TechBytes with Peter Lenz, Senior Geospatial Analyst, Dstillery

Peter Lenz Dstillery
Peter Lenz Dstillery

Peter Lenz
Senior Geospatial Analyst, Dstillery

Three things that rule real-time marketing today — location, location, and location. Geodata-based marketing tells you where to pitch your tent. Recently, Dstillery unveiled their Dscover Maps to serve the marketing and advertising industry better location data. We spoke to Dstillery’s Senior Geospatial Analyst, Peter Lenz, to understand how Geospatial Marketing Technology works and the impact it has on ROI.

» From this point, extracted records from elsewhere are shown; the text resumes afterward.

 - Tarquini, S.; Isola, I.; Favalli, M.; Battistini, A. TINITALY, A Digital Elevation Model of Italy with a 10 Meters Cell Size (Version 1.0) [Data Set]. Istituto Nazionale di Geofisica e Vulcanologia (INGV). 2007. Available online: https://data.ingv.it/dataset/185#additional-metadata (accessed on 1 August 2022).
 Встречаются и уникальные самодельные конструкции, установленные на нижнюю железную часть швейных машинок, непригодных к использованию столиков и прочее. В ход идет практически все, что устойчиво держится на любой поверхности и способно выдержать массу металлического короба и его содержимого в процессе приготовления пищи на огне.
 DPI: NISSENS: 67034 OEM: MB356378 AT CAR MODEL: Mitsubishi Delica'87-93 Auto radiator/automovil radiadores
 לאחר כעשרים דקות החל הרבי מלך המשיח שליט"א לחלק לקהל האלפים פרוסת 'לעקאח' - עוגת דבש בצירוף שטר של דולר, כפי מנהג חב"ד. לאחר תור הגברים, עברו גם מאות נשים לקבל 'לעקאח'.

Tell us about your role at Dstillery and the team and technology you handle.

Dstillery is an applied data science company that serves the marketing and advertising industry. We build high-quality audiences that are highly conformant using about 160 billion data points every day.

As the Senior Geospatial Analyst, my focus is on location data. Of those 160 billion data points, a significant amount contain location data. Sometimes it’s really seemingly accurate, sometimes it’s just a state or a zip code, or sometimes it just tells us “this is in the United States.” We take that information, clean it, and then we add it into our system. We then take this location information, turn it into something our machining learning algorithms actually understand and add it to our data so a visit to a physical Walmart is exactly the same as visiting Walmart.com.

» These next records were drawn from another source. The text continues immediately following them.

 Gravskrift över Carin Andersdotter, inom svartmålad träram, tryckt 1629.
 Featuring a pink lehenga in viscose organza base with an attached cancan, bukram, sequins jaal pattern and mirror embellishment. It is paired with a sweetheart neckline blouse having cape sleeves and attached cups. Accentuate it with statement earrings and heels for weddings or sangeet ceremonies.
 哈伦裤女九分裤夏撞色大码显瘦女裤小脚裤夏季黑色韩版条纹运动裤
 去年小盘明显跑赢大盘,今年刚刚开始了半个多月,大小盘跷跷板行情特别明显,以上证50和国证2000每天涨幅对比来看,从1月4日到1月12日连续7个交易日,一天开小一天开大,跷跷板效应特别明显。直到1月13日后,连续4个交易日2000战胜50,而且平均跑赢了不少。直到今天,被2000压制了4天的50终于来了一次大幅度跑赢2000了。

How does Dscover Maps benefit marketing teams?

A lot of marketers still don’t know what they’re doing with geomarketing. There are some out there that are very sophisticated and understand what they’re doing. But there are certainly a lot out there that think adding location data in and of itself is magical, and that is plainly not true.

Dscover Maps makes it a lot easier for marketers to understand this geodata. Dscover Maps is a Software as a Service geospatial insights tool that provides a detailed view into market composition by geography or location.

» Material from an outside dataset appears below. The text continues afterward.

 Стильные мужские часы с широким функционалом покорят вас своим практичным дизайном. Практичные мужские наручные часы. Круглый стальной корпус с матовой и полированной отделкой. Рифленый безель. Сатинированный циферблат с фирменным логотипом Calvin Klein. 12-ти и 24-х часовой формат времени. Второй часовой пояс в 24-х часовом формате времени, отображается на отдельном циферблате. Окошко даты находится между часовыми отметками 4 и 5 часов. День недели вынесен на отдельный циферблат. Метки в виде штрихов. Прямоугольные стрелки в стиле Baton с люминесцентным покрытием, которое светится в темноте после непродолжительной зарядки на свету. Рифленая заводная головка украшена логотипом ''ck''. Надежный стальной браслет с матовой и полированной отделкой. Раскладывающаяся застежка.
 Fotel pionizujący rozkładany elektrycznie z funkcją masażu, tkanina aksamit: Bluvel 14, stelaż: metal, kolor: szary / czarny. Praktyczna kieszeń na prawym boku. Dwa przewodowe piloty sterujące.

If you’re a writer, you’re always told, “show, don’t tell.” Well, as a data scientist, Dscover Maps allows me to finally show, not tell someone why one location is a good or bad idea, and where they should be targeting their media efforts. It’s a map of The United States, with various different geographies built into it. It knows by default what kind of consumers live in zip codes and defined market areas, and can handle all sorts of custom segmentation for individual brands.

How does Dscover Maps directly impact advertising ROI?

It’s really impactful. A lot of times when a client comes to us with a geo request, it’s usually a desire to reach everybody that lives with a few miles of their store, or a competitor’s store. That’s a very naive way of thinking about how customers behave in the real world.

Here’s an example: Early on in the process of developing our geotechnology, a quick-service restaurant (QSR) client came to Dstillery with a problem. They had a location in downtown Baltimore that was not doing particularly well, and the client wanted to understand why.

QSRs are a great place to learn from geodata because people have to wait for their food, and any time anybody has to wait for something, out come the phones, and data flows into our systems. So we added this restaurant as a point of interest in the Dscover Maps database to look at all the devices that physically show up at this particular location.

The client strategy at the time was to send physical coupons to people within a few miles of this particular restaurant to drive them into the location. When we looked at the devices that were showing up, we discovered that a small number of them were actually from the area that was receiving coupons. Most of the people who were eating at this restaurant were well outside that range. They were actually suburbanites who were grabbing a bite to eat at lunch or after work.

We built a model that lets us take an informed guess about a rough area where a customer lives, based on device activity. The client then shifted the coupon strategy to target these specific locations that we had identified as likely hometowns of the people eating at their restaurant. As a result, they saw more business at the location, because they had a better understanding of what their customers were doing in the real world.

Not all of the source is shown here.